▶ [INPUT MATERIAL]

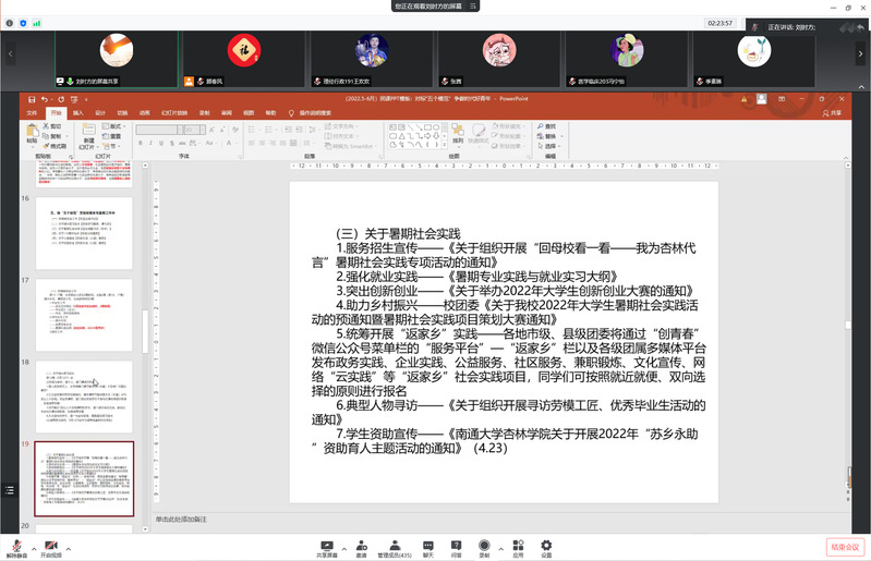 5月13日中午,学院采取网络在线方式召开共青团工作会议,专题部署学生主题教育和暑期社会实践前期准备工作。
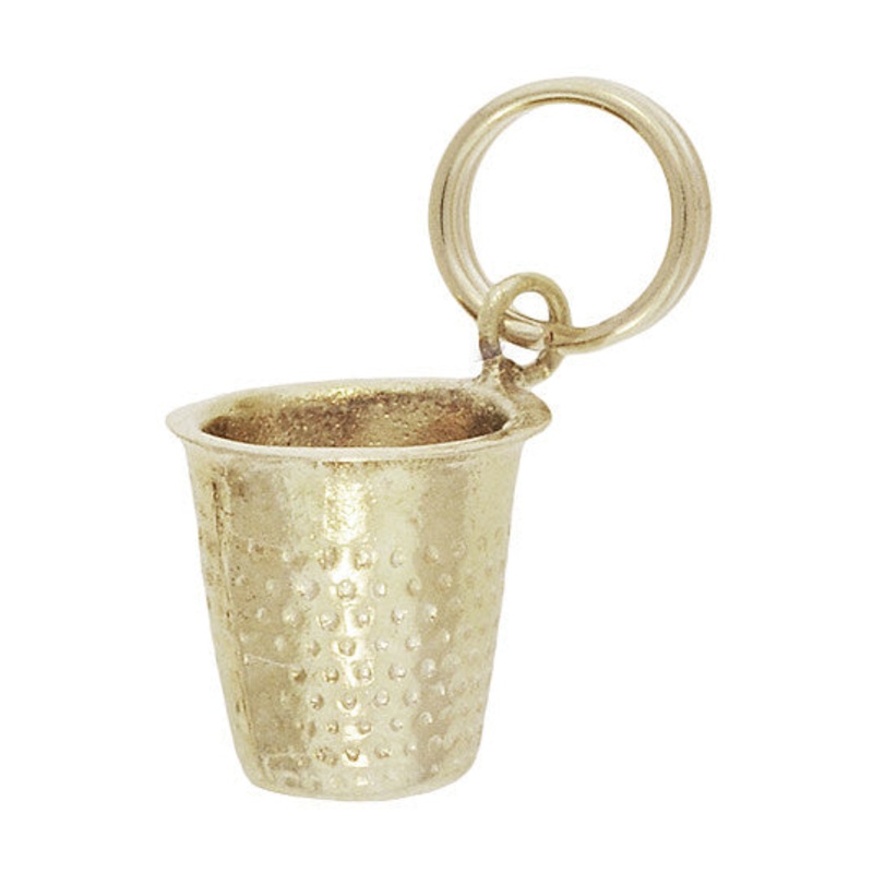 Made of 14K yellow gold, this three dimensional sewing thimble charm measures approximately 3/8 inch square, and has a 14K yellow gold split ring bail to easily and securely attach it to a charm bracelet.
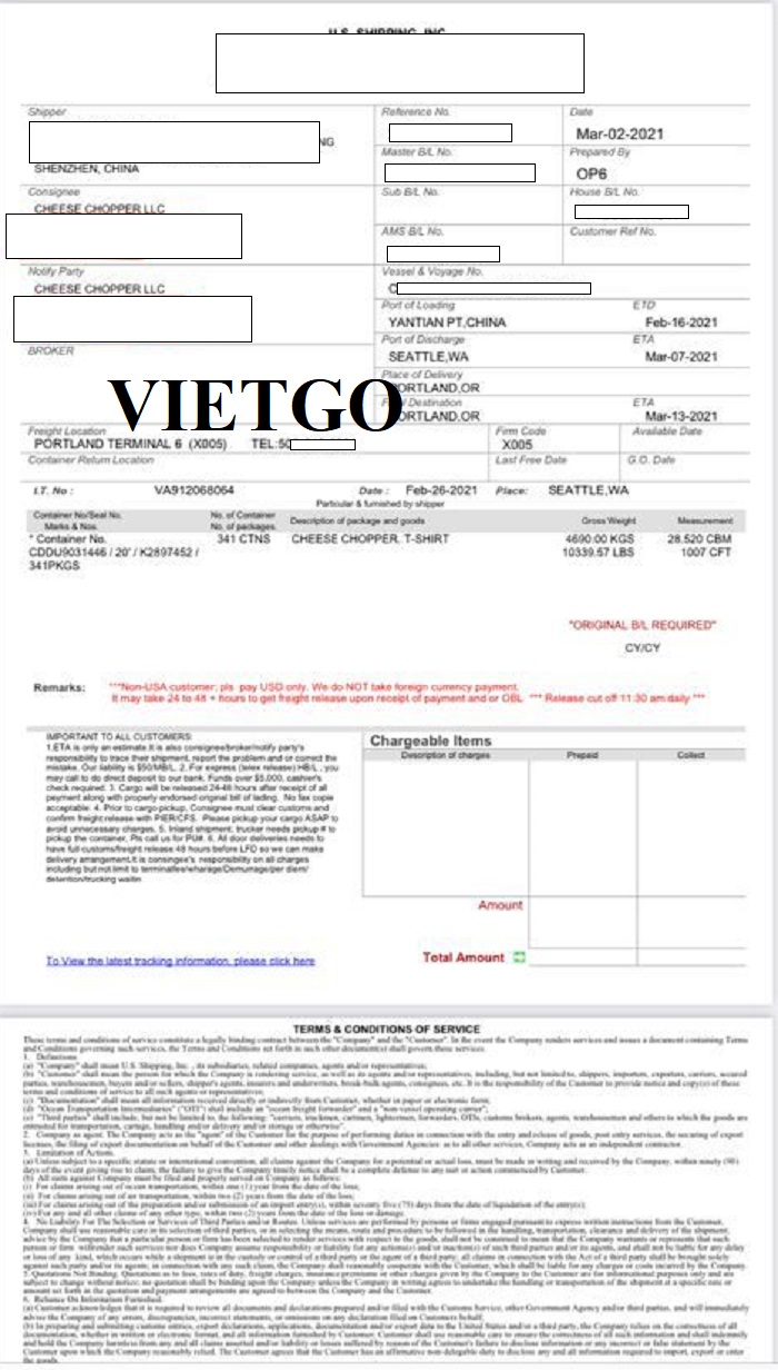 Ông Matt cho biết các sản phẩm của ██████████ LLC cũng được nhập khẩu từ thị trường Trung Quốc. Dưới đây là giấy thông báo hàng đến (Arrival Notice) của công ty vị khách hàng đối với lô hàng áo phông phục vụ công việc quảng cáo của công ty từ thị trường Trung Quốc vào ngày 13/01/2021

---

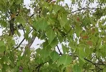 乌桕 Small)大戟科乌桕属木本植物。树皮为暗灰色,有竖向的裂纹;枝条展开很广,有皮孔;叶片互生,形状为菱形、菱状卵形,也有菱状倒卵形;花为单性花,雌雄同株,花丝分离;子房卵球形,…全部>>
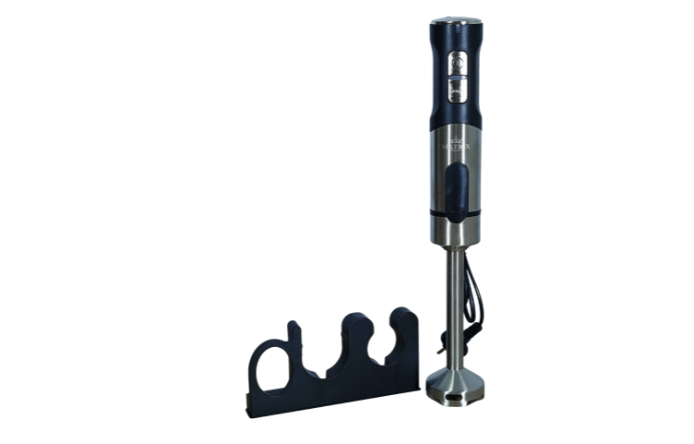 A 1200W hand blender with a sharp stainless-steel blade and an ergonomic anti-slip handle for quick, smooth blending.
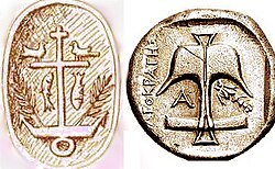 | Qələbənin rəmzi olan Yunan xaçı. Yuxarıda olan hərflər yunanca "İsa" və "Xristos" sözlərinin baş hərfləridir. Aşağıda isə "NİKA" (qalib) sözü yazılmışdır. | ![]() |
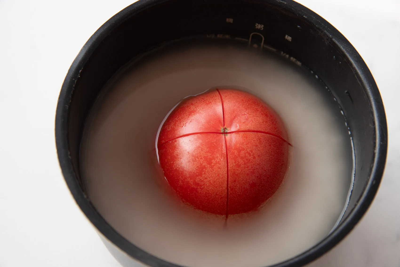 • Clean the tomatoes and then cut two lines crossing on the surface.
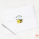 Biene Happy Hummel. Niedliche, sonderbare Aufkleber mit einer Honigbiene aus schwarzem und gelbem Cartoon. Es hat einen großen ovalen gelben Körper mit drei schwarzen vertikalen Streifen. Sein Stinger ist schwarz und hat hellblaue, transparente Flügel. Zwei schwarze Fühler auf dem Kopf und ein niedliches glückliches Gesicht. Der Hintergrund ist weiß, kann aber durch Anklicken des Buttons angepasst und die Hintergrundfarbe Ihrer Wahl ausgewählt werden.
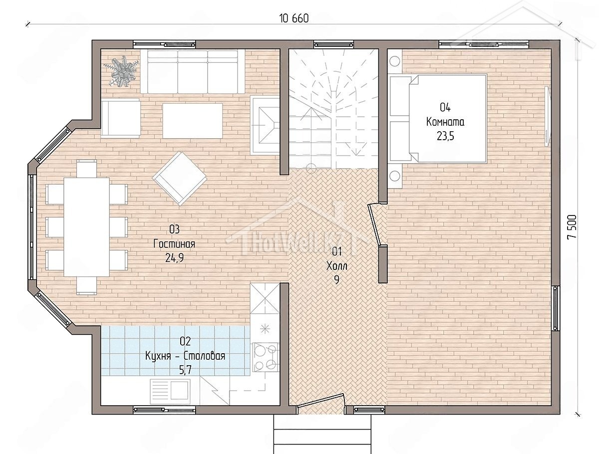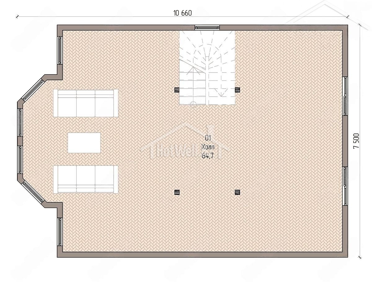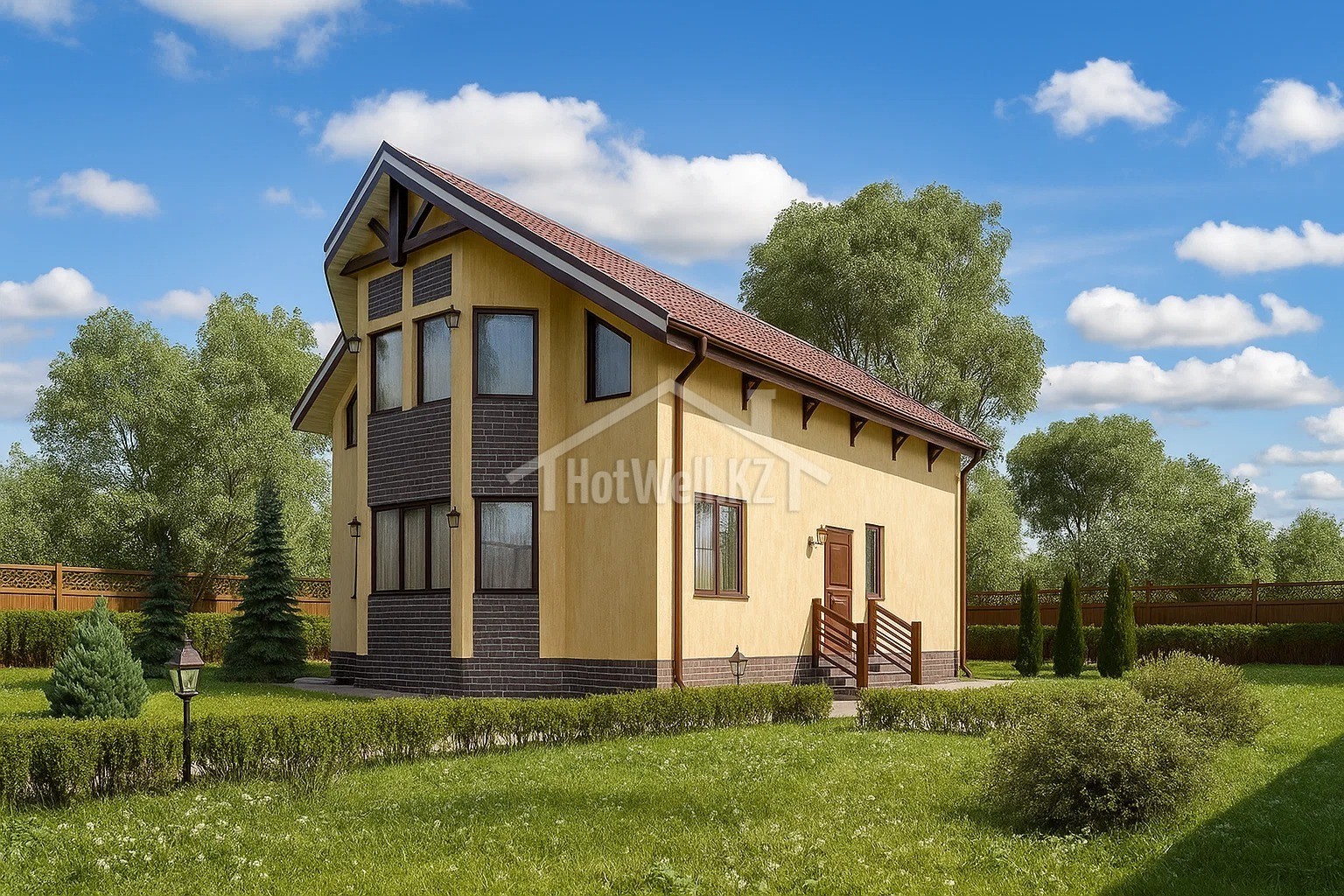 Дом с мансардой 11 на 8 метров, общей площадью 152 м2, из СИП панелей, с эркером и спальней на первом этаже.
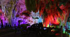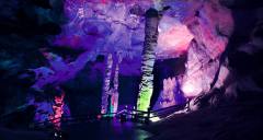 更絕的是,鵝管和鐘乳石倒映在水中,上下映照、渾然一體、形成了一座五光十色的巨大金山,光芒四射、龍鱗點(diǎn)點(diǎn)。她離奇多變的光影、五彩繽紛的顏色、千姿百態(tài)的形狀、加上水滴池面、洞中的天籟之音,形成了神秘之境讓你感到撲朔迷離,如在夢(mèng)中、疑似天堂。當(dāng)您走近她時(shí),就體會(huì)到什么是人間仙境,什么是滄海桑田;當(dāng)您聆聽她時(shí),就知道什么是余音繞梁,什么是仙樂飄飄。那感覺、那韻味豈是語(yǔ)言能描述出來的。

▶ [WHAT IS BEING ASKED]
Above are records; repeat only the lines from the line with "A 1200W hand" through the line with "Biene Happy Hummel.", and leave pictures out.

▶ [RESPONSE FOR THIS EXERCISE]
 A 1200W hand blender with a sharp stainless-steel blade and an ergonomic anti-slip handle for quick, smooth blending.
 | Qələbənin rəmzi olan Yunan xaçı. Yuxarıda olan hərflər yunanca "İsa" və "Xristos" sözlərinin baş hərfləridir. Aşağıda isə "NİKA" (qalib) sözü yazılmışdır. | ![]() |
 • Clean the tomatoes and then cut two lines crossing on the surface.
 Biene Happy Hummel. Niedliche, sonderbare Aufkleber mit einer Honigbiene aus schwarzem und gelbem Cartoon. Es hat einen großen ovalen gelben Körper mit drei schwarzen vertikalen Streifen. Sein Stinger ist schwarz und hat hellblaue, transparente Flügel. Zwei schwarze Fühler auf dem Kopf und ein niedliches glückliches Gesicht. Der Hintergrund ist weiß, kann aber durch Anklicken des Buttons angepasst und die Hintergrundfarbe Ihrer Wahl ausgewählt werden.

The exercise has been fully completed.